Abtreibungs“tourismus“ aus Polen

Da Abtreibungen in Polen in beinahe allen Fällen illegal sind und sich immer weniger Ärzte bereit finden, Abtreibungen durchzuführen, nehmen die Reisen von ungewollt schwangeren Frauen nach Deutschland zu. In der Berliner Zeitung gab es dazu heute eine Reportage.

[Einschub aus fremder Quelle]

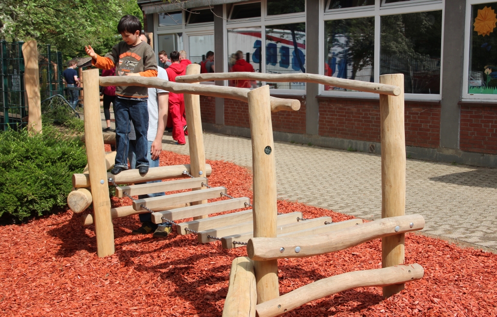 Die Kids der Wilhelm-Hartschen-Schule nahmen die neuen Spielgeräte am Freitag im Sturm. Diese wurden von 15 Azubis der Stadt-Sparkasse in dieser Woche gebaut. (Foto: © B. Glumm)

Ein solcher Eingriff wäre in Krawczyks Heimatland nicht möglich gewesen. Das in Polen geltende Abtreibungsrecht ist eines der restriktivsten in Europa und lässt einen Schwangerschaftsabbruch nur in wenigen Ausnahmefällen zu. Es war wohl die katholische Kirche mit im Spiel, als das Gesetz 1993 eingeführt wurde. Zu mehr Kindersegen hat es aber nicht geführt. Die Geburtenrate in Polen ist ähnlich niedrig wie die in Deutschland, und die Frauen entscheiden sich auch immer später für ein Kind. Bis zu 200.000 Schwangerschaften werden jährlich abgebrochen, schätzt die polnische Föderation für Frauen und Familienplanung – die meisten illegal im Untergrund in Polen. Doch zunehmend fahren die Frauen dafür ins Ausland. Etwa jede siebte Abtreibung wird in Großbritannien, Österreich, den Niederlanden oder Deutschland vorgenommen. Vor allem in den grenznahen Krankenhäusern in Schwedt, Berlin und Prenzlau boomt der Abtreibungstourismus.
„Es hat sich unter den Polinnen herumgesprochen, dass Abtreibungen bei uns auch für sie legal sind“, sagt Janusz Rudzinski, Gynäkologe an der Frauenklinik in Prenzlau. Voraussetzung ist, dass sie sich vorher beraten lassen. 300 solcher Patientinnen hatte Rudzinskis Klinik im vergangenen Jahr. Dieses Jahr waren es bereits 600, schätzt der aus Polen stammende Arzt. Der Eingriff kostet 410 Euro. Die Frauen kommen aus ganz Polen.